Action item: When you reach the line containing "那須野 紀和男さんを姓名の画数から五運を鑑定" in the entries below, start writing out each line exactly, and stop after the line containing "茨城に越してきて、車の免許と".

Data:
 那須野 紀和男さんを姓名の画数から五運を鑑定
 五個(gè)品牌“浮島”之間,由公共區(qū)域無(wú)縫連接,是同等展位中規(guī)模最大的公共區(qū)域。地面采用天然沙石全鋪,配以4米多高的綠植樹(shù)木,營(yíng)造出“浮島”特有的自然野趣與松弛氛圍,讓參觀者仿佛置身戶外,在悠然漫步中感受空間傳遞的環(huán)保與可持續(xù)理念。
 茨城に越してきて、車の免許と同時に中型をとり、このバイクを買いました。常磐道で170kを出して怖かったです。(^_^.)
==
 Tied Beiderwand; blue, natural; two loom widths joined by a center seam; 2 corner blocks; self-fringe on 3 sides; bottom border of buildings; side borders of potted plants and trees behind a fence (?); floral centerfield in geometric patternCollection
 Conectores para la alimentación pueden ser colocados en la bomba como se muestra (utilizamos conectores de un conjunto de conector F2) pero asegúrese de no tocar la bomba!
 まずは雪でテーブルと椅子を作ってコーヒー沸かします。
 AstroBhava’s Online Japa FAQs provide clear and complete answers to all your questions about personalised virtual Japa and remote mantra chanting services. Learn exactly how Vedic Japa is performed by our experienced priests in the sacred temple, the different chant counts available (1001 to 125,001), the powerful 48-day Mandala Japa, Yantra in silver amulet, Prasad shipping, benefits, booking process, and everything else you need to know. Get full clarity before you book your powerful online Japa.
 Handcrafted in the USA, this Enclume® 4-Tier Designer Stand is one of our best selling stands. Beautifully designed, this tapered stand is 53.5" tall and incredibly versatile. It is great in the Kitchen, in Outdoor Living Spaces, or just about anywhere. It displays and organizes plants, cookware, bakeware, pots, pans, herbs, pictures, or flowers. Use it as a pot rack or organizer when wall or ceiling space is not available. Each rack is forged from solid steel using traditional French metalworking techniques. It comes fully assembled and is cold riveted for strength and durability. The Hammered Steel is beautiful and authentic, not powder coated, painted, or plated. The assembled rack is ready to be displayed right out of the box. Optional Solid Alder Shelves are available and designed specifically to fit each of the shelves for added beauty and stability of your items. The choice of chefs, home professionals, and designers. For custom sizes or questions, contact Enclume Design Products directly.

Reply:
 那須野 紀和男さんを姓名の画数から五運を鑑定
 五個(gè)品牌“浮島”之間,由公共區(qū)域無(wú)縫連接,是同等展位中規(guī)模最大的公共區(qū)域。地面采用天然沙石全鋪,配以4米多高的綠植樹(shù)木,營(yíng)造出“浮島”特有的自然野趣與松弛氛圍,讓參觀者仿佛置身戶外,在悠然漫步中感受空間傳遞的環(huán)保與可持續(xù)理念。
 茨城に越してきて、車の免許と同時に中型をとり、このバイクを買いました。常磐道で170kを出して怖かったです。(^_^.)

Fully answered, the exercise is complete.